WHAT TO DO =
Write out the full listing exactly as given, minus the images.

SOURCE DATA =
┄┄┄┄┄┄
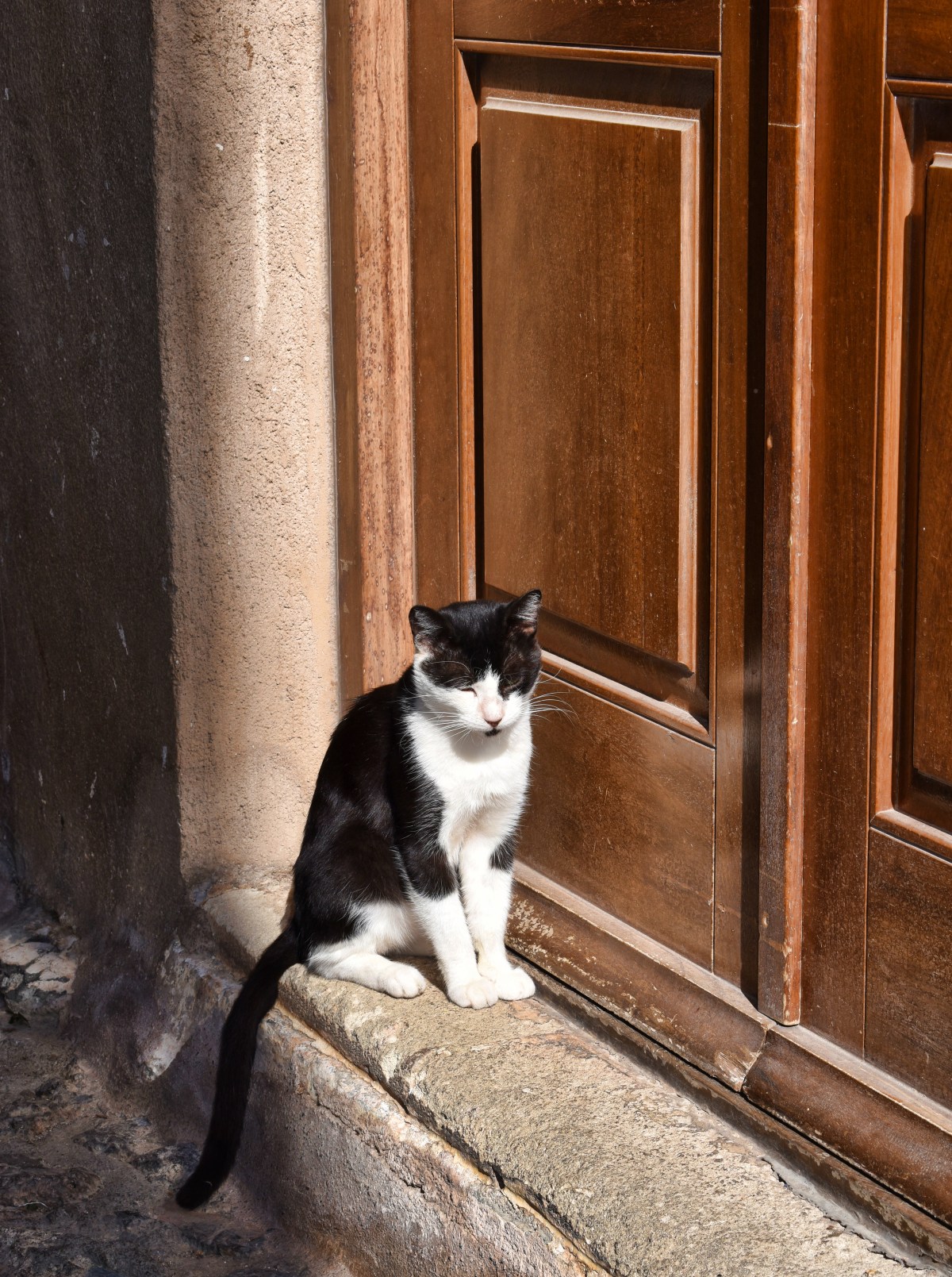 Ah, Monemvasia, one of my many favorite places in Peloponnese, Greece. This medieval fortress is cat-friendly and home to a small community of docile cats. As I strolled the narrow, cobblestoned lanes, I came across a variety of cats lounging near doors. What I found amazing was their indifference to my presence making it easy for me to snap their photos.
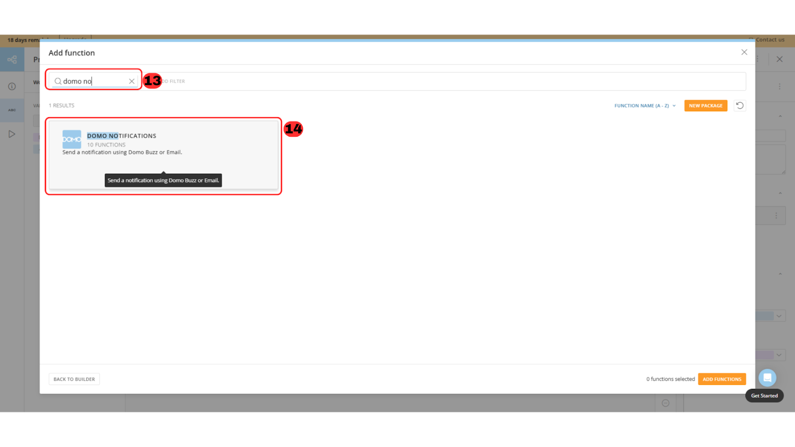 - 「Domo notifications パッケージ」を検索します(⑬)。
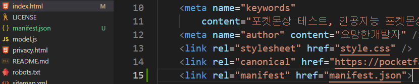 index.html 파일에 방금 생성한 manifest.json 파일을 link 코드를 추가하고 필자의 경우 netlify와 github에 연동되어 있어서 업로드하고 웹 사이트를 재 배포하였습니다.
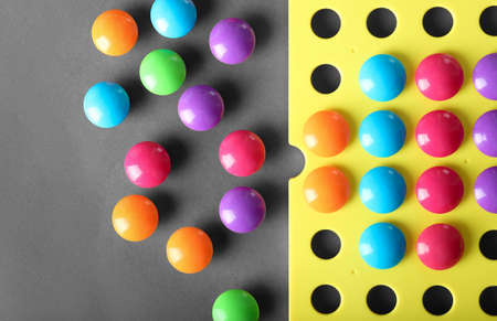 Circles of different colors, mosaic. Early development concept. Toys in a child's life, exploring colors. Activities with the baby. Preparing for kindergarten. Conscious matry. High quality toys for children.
┄┄┄┄┄┄
SOLUTION TO THE PROBLEM =
 Ah, Monemvasia, one of my many favorite places in Peloponnese, Greece. This medieval fortress is cat-friendly and home to a small community of docile cats. As I strolled the narrow, cobblestoned lanes, I came across a variety of cats lounging near doors. What I found amazing was their indifference to my presence making it easy for me to snap their photos.
 - 「Domo notifications パッケージ」を検索します(⑬)。
 index.html 파일에 방금 생성한 manifest.json 파일을 link 코드를 추가하고 필자의 경우 netlify와 github에 연동되어 있어서 업로드하고 웹 사이트를 재 배포하였습니다.
 Circles of different colors, mosaic. Early development concept. Toys in a child's life, exploring colors. Activities with the baby. Preparing for kindergarten. Conscious matry. High quality toys for children.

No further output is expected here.